The bitcoin-only {hardware} pockets Coldcard has launched a beta firmware patch for a vulnerability that additionally affected a competitor {hardware} pockets earlier this 12 months.
Ben Ma, a safety researcher who works for {hardware} pockets producer Shift Crypto, found that the Coldcard {hardware} pockets has a flaw: An attacker might trick a Coldcard consumer into sending an actual bitcoin transaction once they suppose they’re sending a “testnet” transaction – or a fee on Bitcoin’s testing community, which isn’t the identical because the mainnet.
Each testnet and mainnet bitcoin transactions, although, “have the very same transaction illustration underneath the hood,” Ma writes in his submit disclosing the vulnerability. An attacker, then, might generate a bitcoin mainnet transaction for the {hardware} pockets however make it appear like a testnet transaction. The mainnet transaction is introduced like a testnet transaction on the consumer’s pockets, making it troublesome for customers to acknowledge the error.
Ma discovered of the vulnerability after a pseudonymous researcher found the so-called “isolation bypass” assault within the French-manufactured Ledger {hardware} pockets.
In contrast to Coldcard, Ledger helps many cash, so the bypass assault might work by tricking pockets customers into sending bitcoin once they imply to ship litecoin and bitcoin money, along with testnet BTC.
When the preliminary vulnerability within the Ledger pockets was disclosed, Coinkite founder and Coldcard creator Rodolfo Novak mentioned, “Coldcard doesn’t assist any shitcoins, we discover that to be the very best path,” implying that his bitcoin-only pockets could be secure because the flaw (partially) resulted from the truth that Ledger gadgets beforehand managed totally different cash utilizing the identical non-public key.
Since Coldcard doesn’t assist a number of cash, it theoretically shouldn’t have this downside. And it wouldn’t, if it weren’t for the truth that it may be exploited with bitcoin testnet addresses, as nicely.
If a consumer’s pc is compromised – and their Coldcard machine is unlocked and linked to that pc – then an adversary might trick them into sending actual bitcoin once they suppose they’re sending testnet bitcoin.
“The attacker merely has to persuade the consumer to e.g. ‘strive a testnet transaction’ or to purchase an ICO with testnet cash (I’ve heard there was a ICO like this not too long ago) or any variety of social engineering assaults to make the consumer carry out a testnet transaction.

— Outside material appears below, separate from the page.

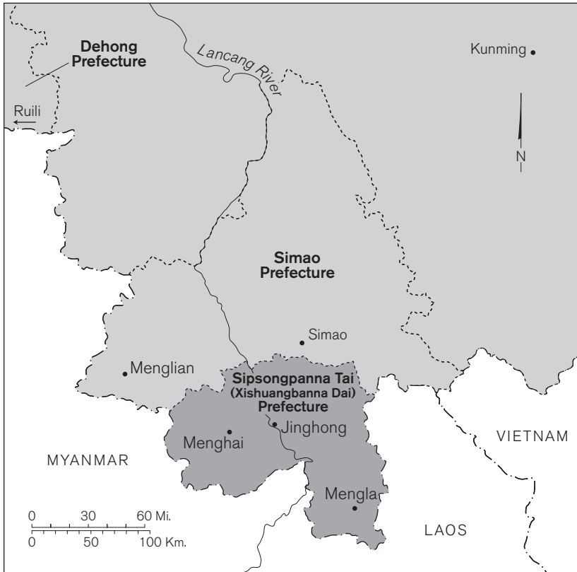
Map 2. Southern Yunnan and Sipsongpanna Tai (Xishuangbanna Dai) Autonomous Prefecture

traineeship in Buddhism. With their chants we rose to greet the day. Over the next three days, our delegation traveled down roads that roamed between rubber trees and rice paddies through the tropical jungle. Greeting the wide expanse of the river, we followed the sounds of water flowing into the black night, where we heard crickets and saw twinkling stars in the sky.

After the consumer confirms a testnet transaction, the attacker receives mainnet bitcoin in the identical quantity,” Ma writes within the submit.
Seeing as an attacker might execute this assault remotely, it met Shift Crypto’s standards as a crucial situation, triggering the accountable disclosure course of.
In keeping with the submit, Ma disclosed the vulnerability to Coinkite on Aug. four and Novak acknowledged it the subsequent day. On Nov. 23, Coldcard launched a beta firmware to patch the vulnerability.